The fact that messages flow from the producer to the consumers is not enough. It's also important that everything produced is consumed. To this end, we make a simple test by writing the output of the consumers to a file, and then make some simple statistics on their output to see how many messages got dropped, how many messages were delivered succesfuly and how many messages there were in total.

seq_stats() {
    AWK_PROG='''
    BEGIN {
        missing_list = "";
    }
    { 
        if(min==""){min=max=$1};
        if($1>max){max=$1};
        if($1<min){min=$1};
        sum+=$1;
        observed+=1;

        ## if there is a gap, store the missing numbers
        if($1-prev>1) {
            for(i=prev+1;i<$1;i++) {
                missing_list = missing_list "," i;
            };
        };
        prev=$1
    }
    END {
        expected=(max-min+1);
        missing=(expected-observed);
        printf "observed: %d\nmin: %d\nmax: %d\nmissing: %d\nmissing_p: %.5f\n",
        observed,min,max,missing,(100.0*(missing/expected));
        printf "missing_list: %s\n",missing_list;
    }
    '''
    sort -g | awk "$AWK_PROG"
}

We can run it with all the integers from 1 to 40 but the integers from 10 to 20 missing and see what we get back

#!/bin/bash
. $PWD/queue-samples/seq-stats.sh
(seq 1 9; seq 21 40) | seq_stats
observed: 29
min: 1
max: 40
missing: 11
missing_p: 27.5
missing_list: ,10,11,12,13,14,15,16,17,18,19,20

FIFO versions

one fifo, multiple consumers, without locking

Here, the producer/consumer open the fifo for every message.

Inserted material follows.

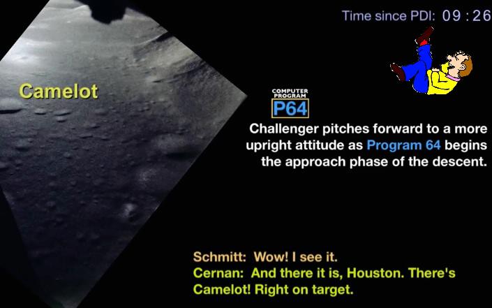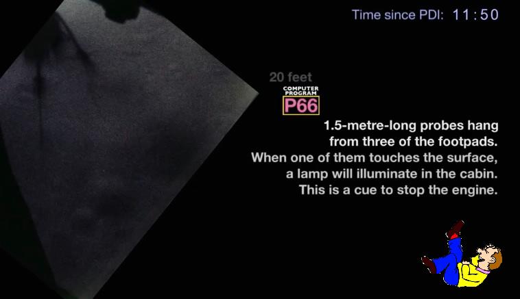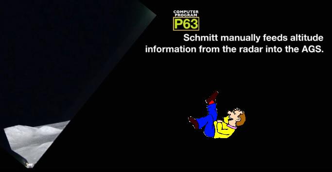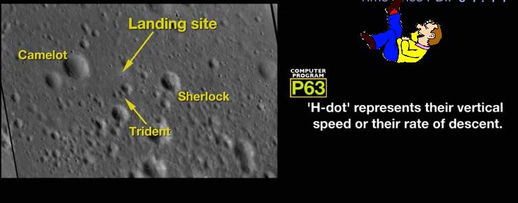 ![]() Ils disent: "Delta-H compare le PGNS avec le radar d'alunissage. Alors que le Radar détecte des montagnes à l'est du site, cela affecte le Delta-H, un bon signe que cela marche bien." C'est une bonne plaisanterie: Delta-H mesure une variation de distance verticale au sol lunaire, et les montagnes détectées ne sont pas à la verticale du module lunaire. |

There are certain limitations such as only being able to write atomically at most 4096 bytes to a fifo 1 , 2 , 3, and this leads to problems such as consumers reading only parts of the messages sent to them.

There are several places 4 that advise against having multiple readers read from a single fifo. Usually they're used for 5 a one-consumer and one-producer scenarios.

In this case, an error will be thrown by the producer because it'll try to write ./producer.sh: line 10: echo: write error: Broken pipe. This has to do with the producer writing to a pipe closed by a client who exited too early. So this version will drop messages.

Flowchart

Producer

#!/bin/bash
FIFO=/tmp/fifo1
n=0
mkfifo $FIFO

while [[ true ]]; do
    n=$((n+1))
    MESSAGE="message $n"
    echo "$MESSAGE" >$FIFO
done

Consumer

#!/bin/bash
FIFO=/tmp/fifo1
while [[ true ]]; do
    cat $FIFO
done

one fifo, multiple consumers, with locking

This is very similar to the previous version except all the reads/writes are done if the lock can be acquired. One of two things happens here:

  1. The consumer acquires the lock first, it then starts reading from the pipe but since nobody else has opened the other end for writing, it will block 6. The consumer won't release the lock until it has read something from the fifo. The producer then tries to acquire the lock, but since the consumer has it, it won't be able to.
  2. The producer acquires the lock first, it starts writing to the pipe, but the write operation blocks 6 until the reading end of the fifo is opened. As in the previous case, the consumer can't acquire the lock anymore.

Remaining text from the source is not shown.